EXERCISE:
Starting with the line below that holds "MIC37301-2.5YME Microchip Technology" and stopping after the line that holds "Figura N° 2. Logo de Safari", transcribe the lines exactly, leaving out all pictures.
(Beginning of STORED DATA)
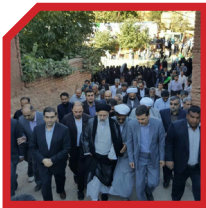
منتقد تهران زدگی

منتقد تهران زدگی است. او اعتقاد دارد باید تمرکز از پایتخت و مراکز استان‌ها برداشته شود و اتکا به سازوکارهای تصمیم‌گیری استانی و منطقه‌ای باشد. تایید این نگاه راه‌اندازی دفاتر سازمان بازرسی در تمام استان‌های کشور است.
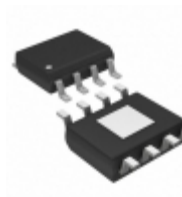
MIC37301-2.5YME Microchip Technology IC REG LDO 2.5V 3A 8SOIC
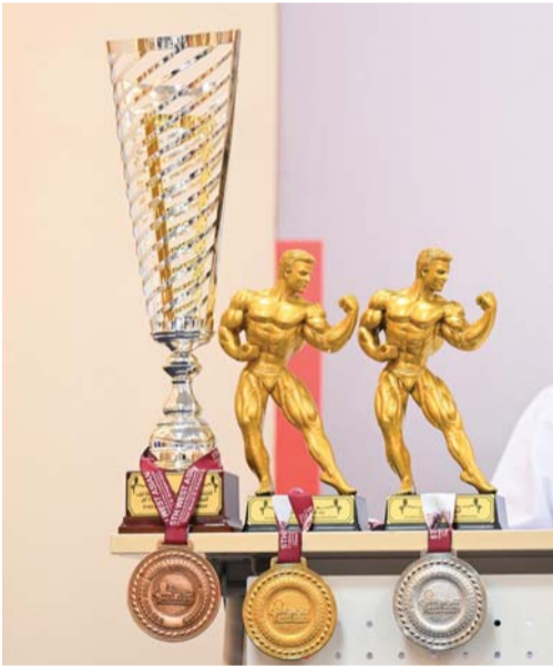
■ كأس البطولة والجوائز

وأضاف البحري: انطلاقاً لاستضافة بطولة غرب آسيا لبناء الأجسام والفيزيك، جاءت من «رؤية عُمان ٢٠٤٠»، وذلك للاهتمام بقطاع الشباب العماني واستقطاب البطولات الإقليمية والدولية، ووضع لعبة بناء الأجسام على خريطة الرياضة العالمية، وأيضا هدفاً كذلك من استضافة هذه
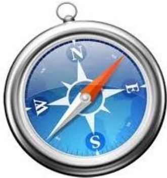
Figura N° 2. Logo de Safari
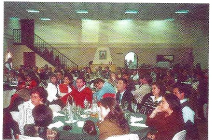
Almuerzo y convivencia de la Hermandad con motivo del 50 aniversario de la Imagen de la Virgen. Febrero de 2004
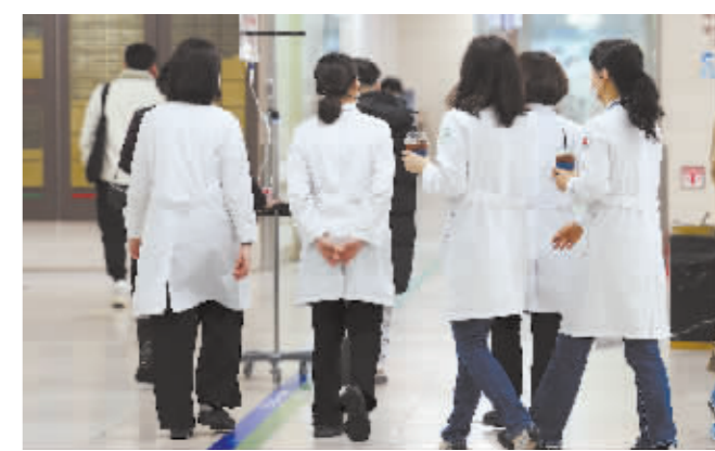
2月19日在韩国光州一家医院拍摄的医疗工作者。

据新华社电 韩国首都圈五大医院上千名实习医生和住院医师19日集体辞职,以抗议政府扩招高校医学生的政策。韩国媒体报道,如果这些医生集体离岗,一些医院恐无法正常运转,韩国医疗系统危机将升至最高级。
(End of STORED DATA)
TASK RESULT:
MIC37301-2.5YME Microchip Technology IC REG LDO 2.5V 3A 8SOIC
■ كأس البطولة والجوائز

وأضاف البحري: انطلاقاً لاستضافة بطولة غرب آسيا لبناء الأجسام والفيزيك، جاءت من «رؤية عُمان ٢٠٤٠»، وذلك للاهتمام بقطاع الشباب العماني واستقطاب البطولات الإقليمية والدولية، ووضع لعبة بناء الأجسام على خريطة الرياضة العالمية، وأيضا هدفاً كذلك من استضافة هذه
Figura N° 2. Logo de Safari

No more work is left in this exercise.